FastMM - Slow in multithreaded apps on multicore CPUs

There's something wrong with FastMM4's (i.e. the default memory manager of Delphi / C++ Builder starting BDS2006) usability on multicore systems, especially running multithreaded apps in a GC/managed environment. The result of this is that when multicore is enabled, performance suffers by up to 5 folds. So, not only that FastMM would not scale, your multithreaded apps will run tremendously slower on a multicore system - up to 5 times slower on a dual-core machine vs a single-core one at the same clock speed of the same architecture.

That's 500% performance drop going from single-core to dual-core! Comparing the dual-core performance of FastMM4 and TBBMM, the latter is 9 times faster!

This test is meant to show just that. Download Test (updated 27/01/2010) (see readme.txt for instructions) *** WARNING: Incompatible with x64 OS due to an OS bug.

It runs through a variety of algorithms in multiple threads (in a threadpool of the framework, similar to .NET's ThreadPool) consisting of a mix of GC list, GC dictionary, and GC string unit-tests.

Keep in mind that this is an app written using a GC framework, which means allocations usually happen in multiple threads concurrently while de-allocations are done in specialized garbage collector threads.

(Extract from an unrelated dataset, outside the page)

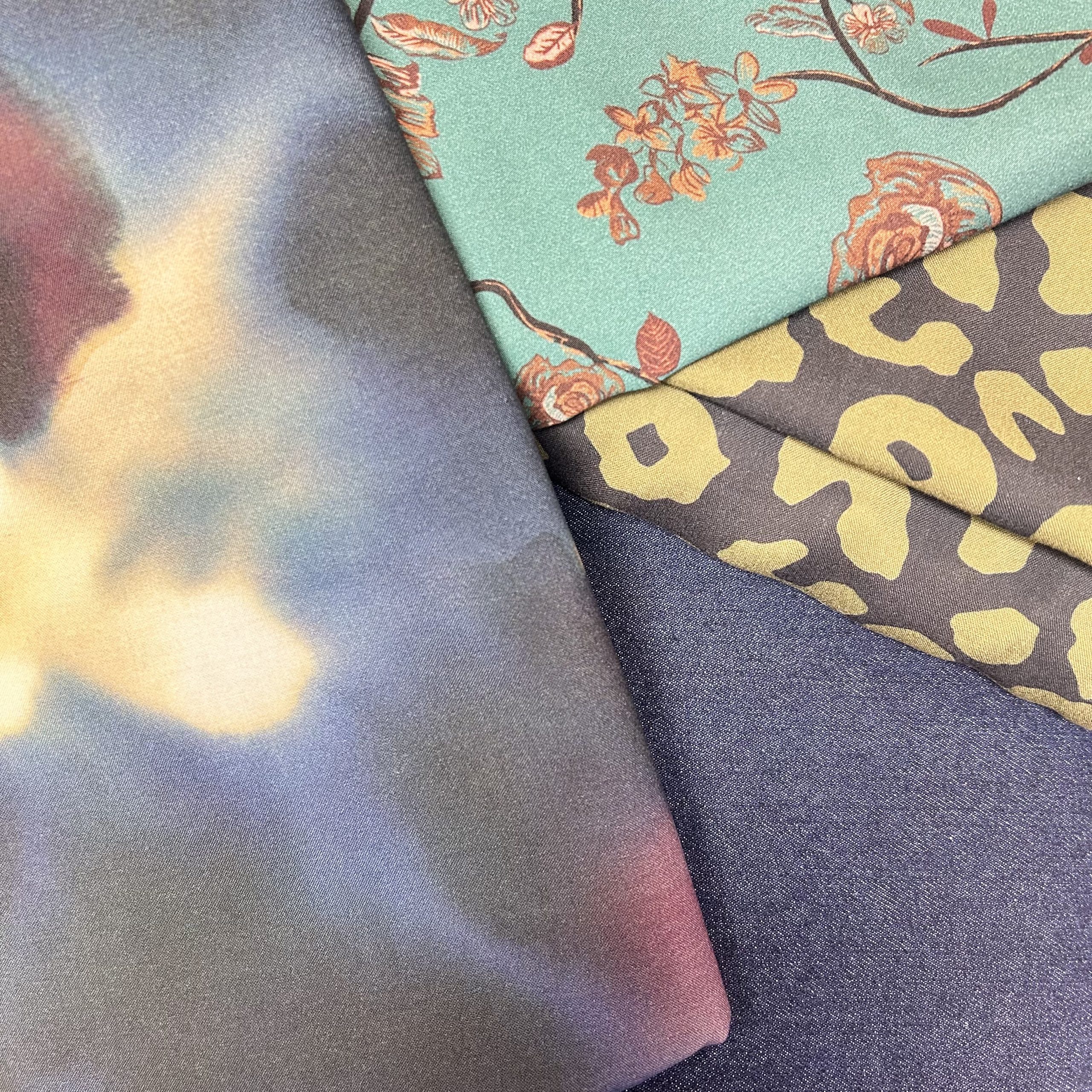 Een leuk pakket waarbij een zalige jeanskwaliteit wordt gecombineerd met mooie stoffen om een top of blouse uit te ontwerpen.

This may be the reason FastMM breaks down (a general-purpose memory manager shouldn't break down given any usage patterns).

Notice that when you run the FastMM Test with CPU Affinity set to just one CPU, you'll end up with nearly the same performance as TBBMM. Once you enable multicores though, you'd immediately lose performance once again, running slower than with just one core.

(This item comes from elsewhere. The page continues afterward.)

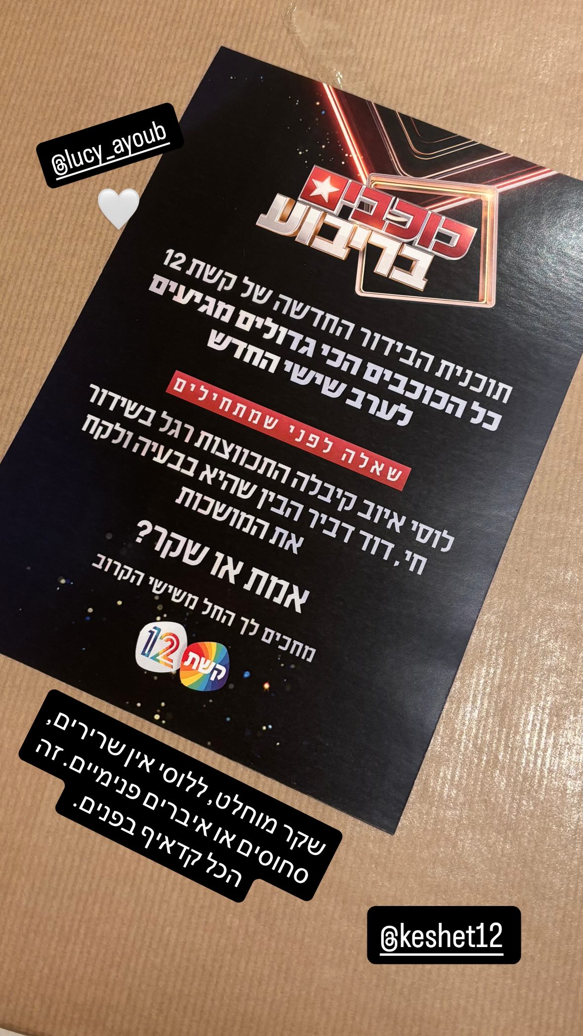 מי שעוד שיתפו את המארז שקיבלו הם גורי אלפי ולוסי איוב. איוב העלתה לחשבון האינסטגרם שלה תמונה של בתה הקטנה, משחקת בלוח המשחק וכתבה: "נאיה כבר מתכוננת לשישי בערב". אלפי, שנשאל אם לוסי איוב קיבלה התכווצות שרירים בשידור חי, כתב בהומור: "שקר מוחלט. ללוסי אין שרירים, זה הכל קאדיף בפנים".

Note: You'll find that the FastMM BorlndMM.dll is different from the default Rad Studio 2010 one. This is due to the changes added to support the GC framework, but at its heart, it's simply making calls to GetMemory, ReallocMemory and FreeMemory (as oppose to WinMM's version of HeapAlloc, HeapRealloc and HeapFree respectively, with all else
being equal). The WinMM version is initialized with the LFH (low fragmentation heap) flag.

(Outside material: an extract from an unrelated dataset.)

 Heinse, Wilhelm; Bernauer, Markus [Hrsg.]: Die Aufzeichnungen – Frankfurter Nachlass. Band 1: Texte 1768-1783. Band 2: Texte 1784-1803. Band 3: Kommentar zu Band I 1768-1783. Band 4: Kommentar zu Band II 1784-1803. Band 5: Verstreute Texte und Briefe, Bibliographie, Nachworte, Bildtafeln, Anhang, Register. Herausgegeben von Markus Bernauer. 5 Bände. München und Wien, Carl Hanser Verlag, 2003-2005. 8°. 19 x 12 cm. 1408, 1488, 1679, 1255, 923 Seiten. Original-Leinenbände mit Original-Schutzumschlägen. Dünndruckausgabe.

Here are some results from my own tests:


Test results in ops/second (10sec average), listed in the following order:
1) TBBMM
(what is TBBMM?)
2) WinMM
3) FastMM


Core2Duo E6550 2.33GHz (Conroe) - XP SP3
Both cores enabled
1) 1785
2) 1230
3) 250

Single core (via CPU affinity mask)
1) 930
2) 650
3) 950


Core2Duo E6550 throttled to 1.33GHz - XP SP3
Both cores enabled
1) 730
2) 520
3) 180

Single core (via CPU affinity mask)
1) 410
2) 275
3) 395


Pentium M 1.2GHz (Banias) - XP SP3
CPU is Single core
1) 395
2) 340
3) 395

Core2Duo E7200 3.6GHz (Wolfdale) - Vista
Both cores enabled
1) 2595
2) 2080
3) 290

Single core (via CPU affinity mask)
1) 1450
2) 1180
3) 1405

As you can see, the results are quite consistent. On a dual core machine, the performance of FastMM is terrible. From 2.33GHz to 3.6GHz, there's virtually no increase at all in speed! In fact, when the test was running, the CPU wasn't even fully utilized (with more than 50% of CPU spent in kernel time), whereas the other memory managers had the CPU pegged at 100% and nearly no kernel time.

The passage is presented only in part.